Тупая головная боль стала возвращаться ко мне. Я быстро нашла аптеку на первом этаже. В подвал я вернулась со всем необходимым в эмалированном тазу. Федор держал свечу, пока я чистила и зашивала рану пальцами, не забывшими свое прежнее мастерство. Затем, утомленная всем происшедшим, я сказала барону Нейссену, что выслушаю его новости завтра, и легла спать.

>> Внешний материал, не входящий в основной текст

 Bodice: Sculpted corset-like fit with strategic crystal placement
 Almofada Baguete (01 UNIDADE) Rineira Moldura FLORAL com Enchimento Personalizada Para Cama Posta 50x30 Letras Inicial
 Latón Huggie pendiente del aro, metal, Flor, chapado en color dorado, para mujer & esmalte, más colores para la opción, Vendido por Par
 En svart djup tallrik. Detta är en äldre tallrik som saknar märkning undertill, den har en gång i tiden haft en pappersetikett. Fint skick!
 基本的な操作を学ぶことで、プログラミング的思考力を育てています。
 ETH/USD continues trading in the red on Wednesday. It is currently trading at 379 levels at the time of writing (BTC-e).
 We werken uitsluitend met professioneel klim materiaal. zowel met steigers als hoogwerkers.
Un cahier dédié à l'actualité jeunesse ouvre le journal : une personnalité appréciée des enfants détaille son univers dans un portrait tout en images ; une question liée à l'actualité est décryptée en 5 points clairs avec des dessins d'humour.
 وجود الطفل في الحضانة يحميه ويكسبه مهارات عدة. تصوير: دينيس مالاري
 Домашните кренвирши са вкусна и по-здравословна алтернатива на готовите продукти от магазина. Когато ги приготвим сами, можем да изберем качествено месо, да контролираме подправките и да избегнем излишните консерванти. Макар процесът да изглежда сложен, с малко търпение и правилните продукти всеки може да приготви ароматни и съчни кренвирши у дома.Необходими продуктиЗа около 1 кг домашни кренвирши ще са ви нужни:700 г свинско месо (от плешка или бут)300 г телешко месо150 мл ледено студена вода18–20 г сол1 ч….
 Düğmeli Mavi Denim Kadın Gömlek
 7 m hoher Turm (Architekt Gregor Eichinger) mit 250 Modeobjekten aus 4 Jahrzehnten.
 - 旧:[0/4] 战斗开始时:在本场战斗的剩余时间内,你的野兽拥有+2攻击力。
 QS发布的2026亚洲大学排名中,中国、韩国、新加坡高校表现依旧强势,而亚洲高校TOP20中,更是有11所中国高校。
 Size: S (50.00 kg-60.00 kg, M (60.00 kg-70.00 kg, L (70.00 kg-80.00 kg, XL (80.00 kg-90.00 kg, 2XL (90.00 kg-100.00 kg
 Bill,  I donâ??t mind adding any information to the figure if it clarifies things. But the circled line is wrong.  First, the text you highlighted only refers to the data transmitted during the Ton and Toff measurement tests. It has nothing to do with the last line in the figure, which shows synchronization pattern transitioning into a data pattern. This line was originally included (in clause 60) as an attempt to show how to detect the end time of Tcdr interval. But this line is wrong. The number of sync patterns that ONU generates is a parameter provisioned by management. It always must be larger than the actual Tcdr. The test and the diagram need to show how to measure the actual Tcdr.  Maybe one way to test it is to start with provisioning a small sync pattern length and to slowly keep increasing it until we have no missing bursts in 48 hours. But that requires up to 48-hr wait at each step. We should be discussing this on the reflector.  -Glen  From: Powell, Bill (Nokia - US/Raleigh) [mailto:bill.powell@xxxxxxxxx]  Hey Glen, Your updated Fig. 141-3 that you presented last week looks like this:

Всю ночь я беспокойно металась, пытаясь стряхнуть завесу забвения, все еще затуманивающую мой мозг. На рассвете я, наконец, заснула и перед тем, как проснуться, вспомнила все, включая последнее свидание с Алексеем, предупреждение беспризорного мальчишки, переход на лодке к бухте. Но как я ни морщила лоб, ни трясла головой — все, что случилось на берегу, и как я в конце концов оказалась в этом подвале — все было за пределами моего сознания.
Я вышла на улицу для утреннего туалета, сломала ледок, образовавшийся в баке с водой, и с удовольствием ощутила кожей холодный утренний воздух. Проследив за стаей диких уток, пролетавших на юг над головой, я посмотрела на свое отражение.
— Стиви сказал бы, что ты выглядишь, как самое настоящее пугало, «худышка-глупышка», — нежно обратилась я к своему отражению. Не красавица, конечно, но это была я. Тщательно расчесав волосы, надев туфли, хотя они и жали, я вышла встречать своего гостя-офицера к завтраку, состоявшему из воды, ягод и остатков зайца, поданного на блюде розового с золотом китайского фарфора, принесенного сверху.
Барон Нейссен был уже гладко выбрит, его усы были тщательно подстрижены. Но если сейчас он не был так застенчив из-за своего внешнего вида, то, казалось, нервничал он еще больше и все время кусал губы. Я спросила его о послании. Он вынул запечатанный конверт из внутреннего кармана бушлата и без слов положил передо мной.
Я поднесла письмо к тусклому свету от зарешеченного окна. Буквы прыгали у меня перед глазами, уже отвыкшими от чтения, затем наконец встали на свои места. Узнав отчетливый, немного угловатый почерк моей тезки, я начала читать по-английски:
«Дорогая Тата!
Моя названая сестра, мой единственный друг, где бы ты ни была, я молюсь, чтобы это письмо дошло до тебя, со всей моей нежной любовью, пожеланием безопасности и счастья от нас всех. Я получила твое известие о смерти Анны Владимировны».